The result is that we came to the conclusion that we need to heavily cache the accelo api results.
The system I'm building is designed to allow me to do some quick reviews of contracts and take some specific actions.
The opening screen is designed to show a summary of all active contracts and the total work done MTD and last month.
We have 60 contacts in our system and it takes the above mentioned 600 calls to accumulate just this data.
Once this initial burst of calls is complete my system does very few calls to the accelo api due to the heavy caching.
There are two problems here:
1) During the development cycle you can see how a few restarts will quickly each into a 5k hourly budget.
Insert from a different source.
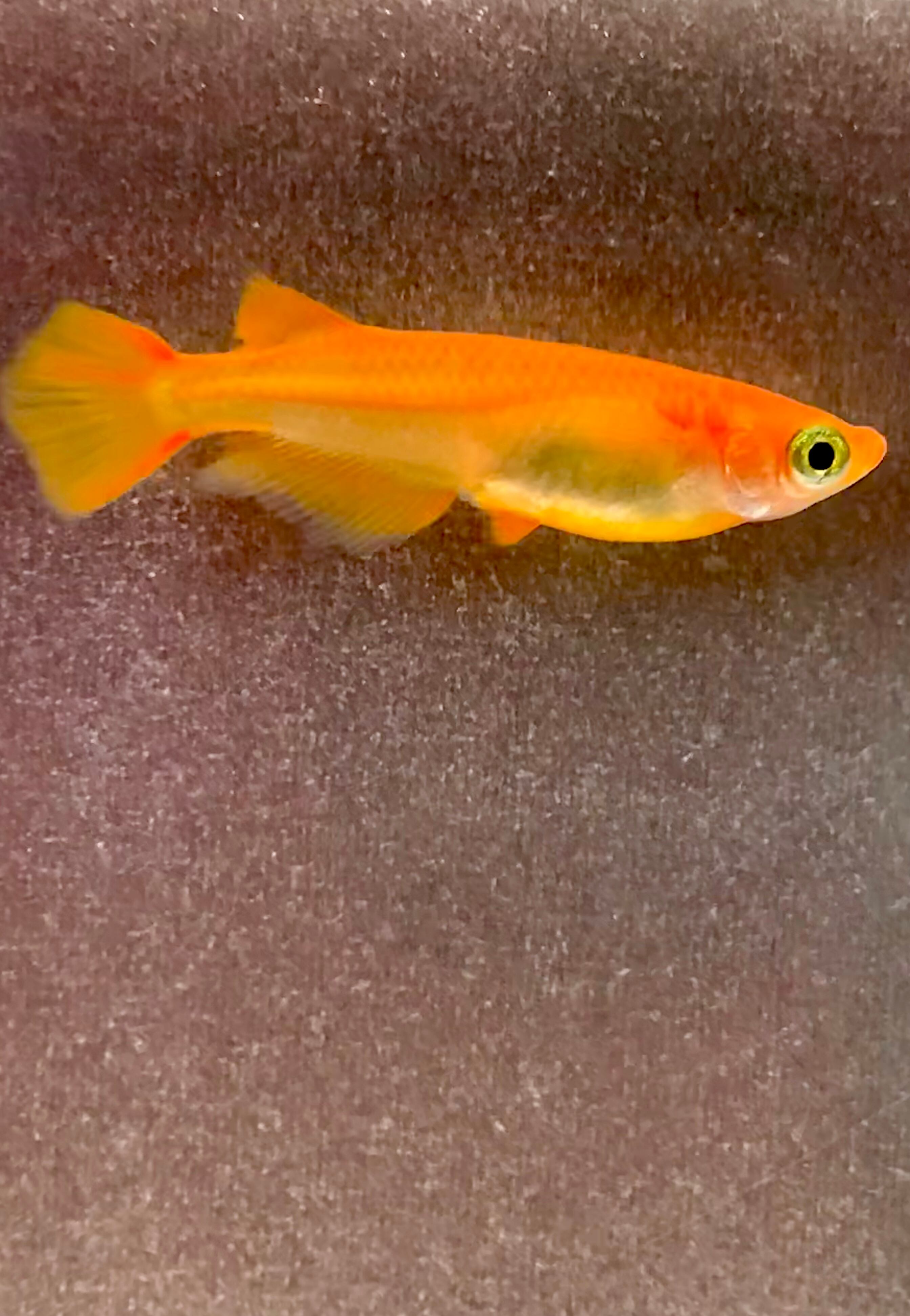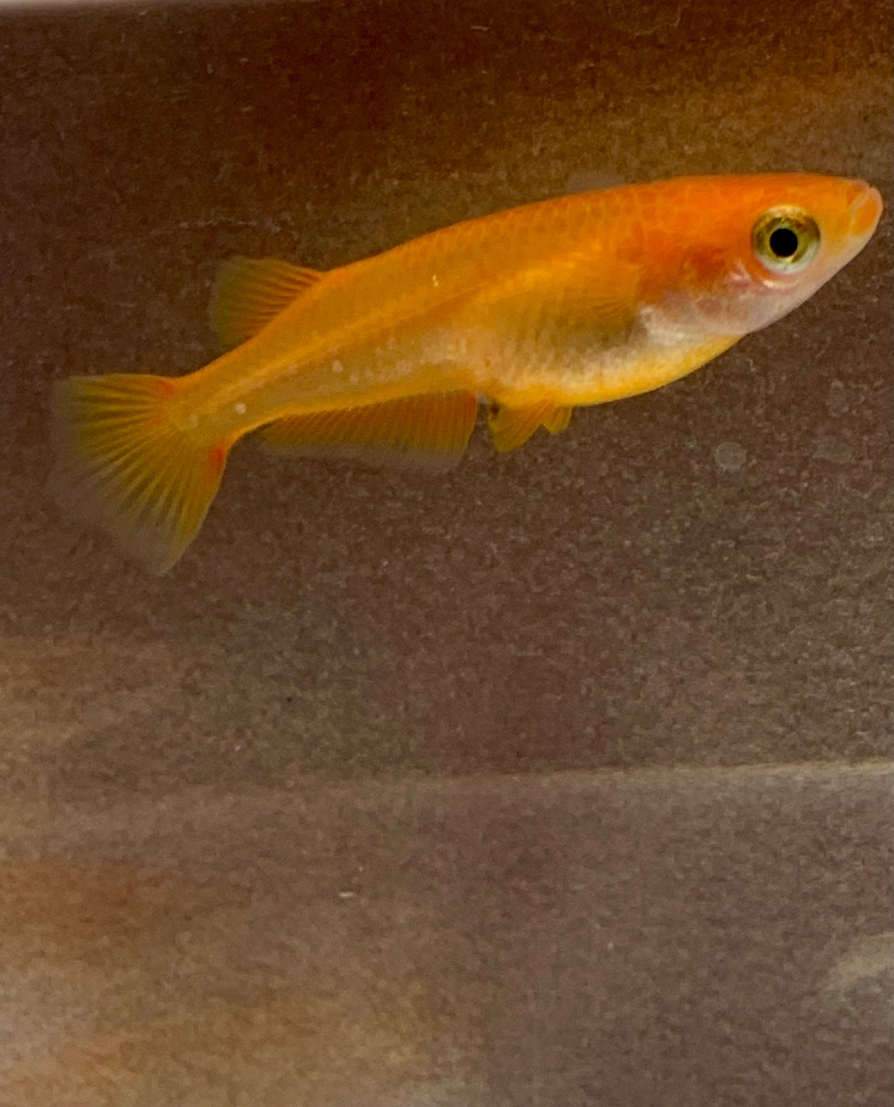 新体型(普通種体形の尾ビレだけがヒカリ体形のひし形の尾ビレに変化したメダカ)

2) whilst we are heavily caching the results, the cache does have a 'time to live' of 10 minutes to ensure that the data is relatively fresh. We can probably play with the cache 'time to live' but with a number of other screens we are building I'm concerned that we may get precariously close to the 5K limit just in normal production use.
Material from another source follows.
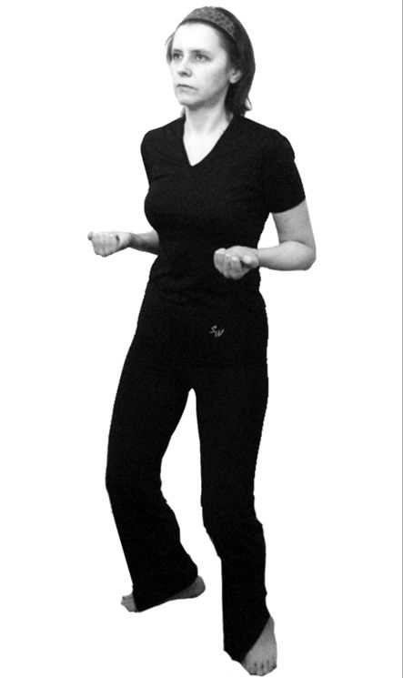 Исходное положение: стоя, ноги на ширине плеч, присогнуты в коленях – стойка всадника. Спина прямая Взгляд направлен вперед. Руки вдоль туловища, согнуты в локтях, сжатые кулаки обращены вверх (рис. 6.44).

So my suggestion, which is probably going to hurt my development cycles even further but will probably be fairer for every one.
Don't make it a limit 'per hour' but 'per second.
The problem with your 5K limit is two fold
1) it won't protect your system. It would be quit easy to put a client together that attempts to do the whole 5K calls within a single second.
This would most likely crash your system.
2) the hard limit will stop client applications working all together for the rest of the hour.
Instead set a limit of say 100 calls per second.
This does two things.
1) stops any single user doing ginormous no.s of calls at the start of any period which will bring your system to its knees.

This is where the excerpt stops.